Federal Circuit rejects challenge to GSK’s Avodart and Jalyn

The US Appeals Court for the Federal Circuit has affirmed a lower court decision that GlaxoSmithKline’s (GSK’s) patent covering Avodart and Jalyn is valid, rejecting claims put forward by a group of generic drug makers.

Banner Pharmacaps, Impax Laboratories, Roxane Laboratories, Mylan Pharmaceuticals and Watson Laboratories had intended to make generic versions of GSK’s dutasteride drugs Avodart and Jalyn, which are used to treat enlargement of the prostate gland.

The drugs are protected by US patent 5,565,467, which relates to “dutasteride and its pharmaceutically acceptable solvates”.

GSK sued the companies for patent infringement at the US District Court for the District of Delaware which, after a three-day bench trial, decided that the defendants had not proved the claims invalid.

While stipulating to patent infringement, the generic makers appealed against the decision of patent validity, arguing that the term “solvate” in the asserted patent claims had not been adequately described by the court.

The parties disagreed about whether “solvate” refers to just crystalline complexes of solute and solvent molecules, where dutasteride is the solute, or whether it also includes non-crystalline complexes, with GSK arguing for the broader definition and the generics for the narrower.

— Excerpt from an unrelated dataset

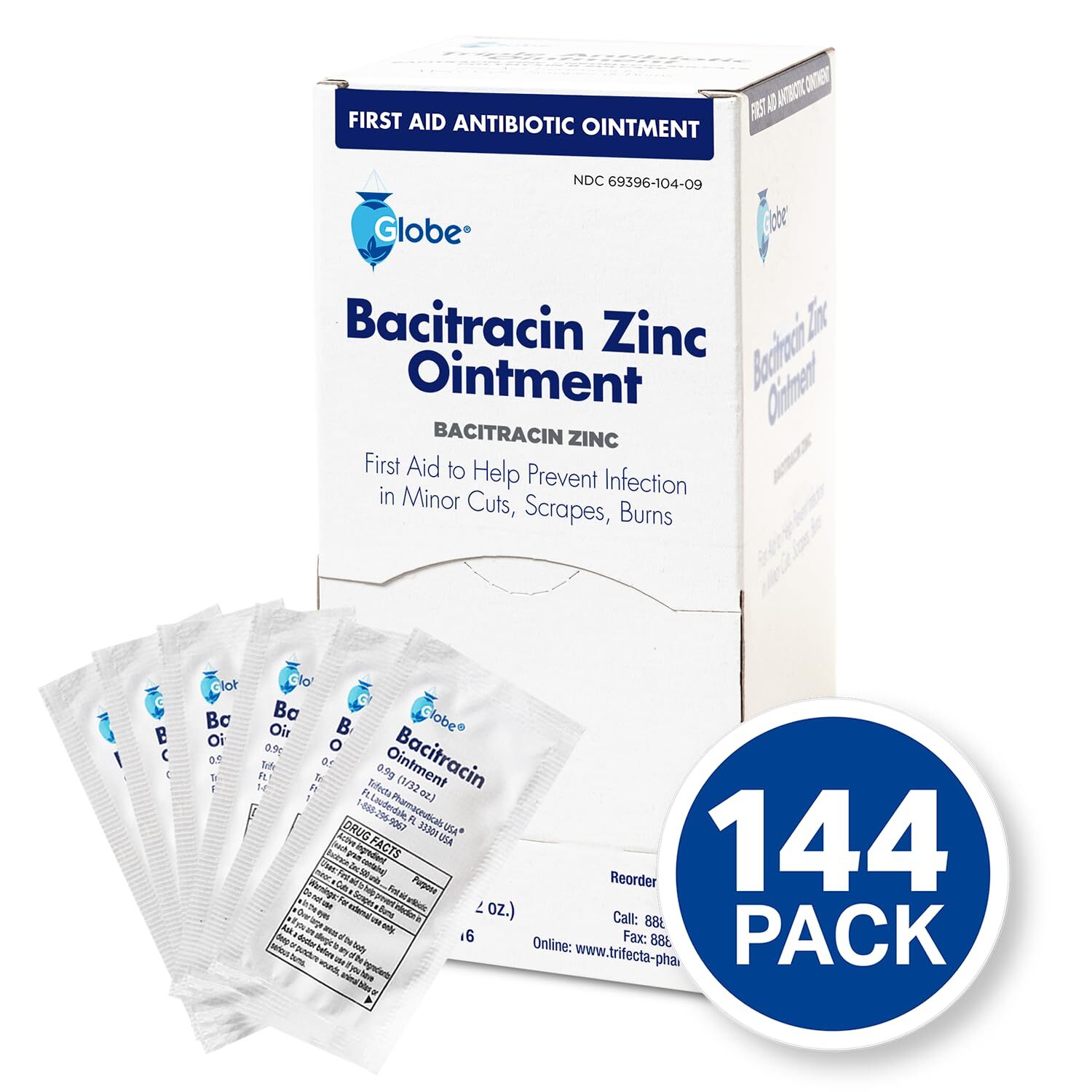 Globe 144 Packets Bacitracin Antibiotic Zinc Ointment 0.9g Packet. First Aid ...

“The district court acknowledged defendants’ ‘considerable extrinsic evidence’ that, in the pharmaceutical field, ‘solvate’ is limited to crystalline complexes, no matter how created, but it concluded that the specification of this particular patent ‘direct[ly] contradict[s]’ any such usage,” Judge Taranto said in the February 24 decision.

The Federal Circuit decided that the claim term ‘solvate’ refers to a molecular complex defined by structure and by the process of creating it, not what it does, and affirmed the district court’s decision.

GSK told LSIPR that it is pleased with the court’s decision. Mylan did not respond to a request for comment.